History

United Kingdom
- Name: Eden
- Owner: Colvile Wedderburn & Co.
- Builder: Fletcher, Son & Fearnall
- Launched: 1826

General characteristics
- Tons burthen: 513 (bm)
- Length: 123 ft 9 in (37 m)
- Beam: 30 ft 8 in (9.4 m)
- Propulsion: Sail

= Eden (1826 ship) =

Eden was a 513-ton merchant ship built by Fletcher, Son & Fearnall at Union Dock upon the Thames River, England in 1826. The ship was built for Colvile Wedderburn & Co. and named after the family of Andrew Colvile's second wife, the influential Eden family.
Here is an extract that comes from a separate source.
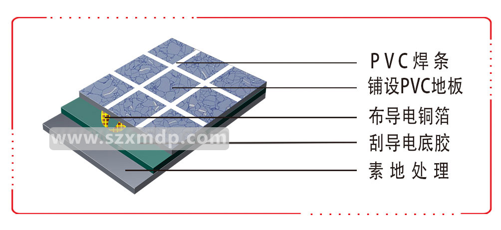 ![]() ![]() | ![]() 1、素地處理; 2、畫線:尋找中心線; 3、布導電銅箔; 4、鋪PVC靜電地板; 5、焊接:可根據(jù)要求焊接成整體無縫。 |

Eden initially sailed between England and the sugar plantations of the West Indies for Colvile Wedderburn & Co. From 1836, after changing ownership to Joseph Somes, she made several voyages transporting convicts from England to Australia. After a second change of ownership to John Luscombe in 1846, Eden transported settlers to South Australia and New Zealand.

==Career==
Under the command of Alexander Mollison and surgeon Gilbert King, she left Portsmouth, England on 31 August 1836, with 280 male convicts. She arrived in Hobart Town on 22 December 1836 and had three deaths en route. Eden departed Hobart Town on 7 January 1837, arriving on 14 January 1837 with 22 prisoners from Cape of Good Hope. She left Port Jackson on 2 February 1837 bound for Batavia.

On her second convict voyage under the command of Henry Naylor and surgeon George Freeman, she left Sheerness, England on 10 July 1840, with 270 male convicts. She arrived in Sydney on 18 November and had one death en route. Eden departed Port Jackson in February 1841, bound for Batavia.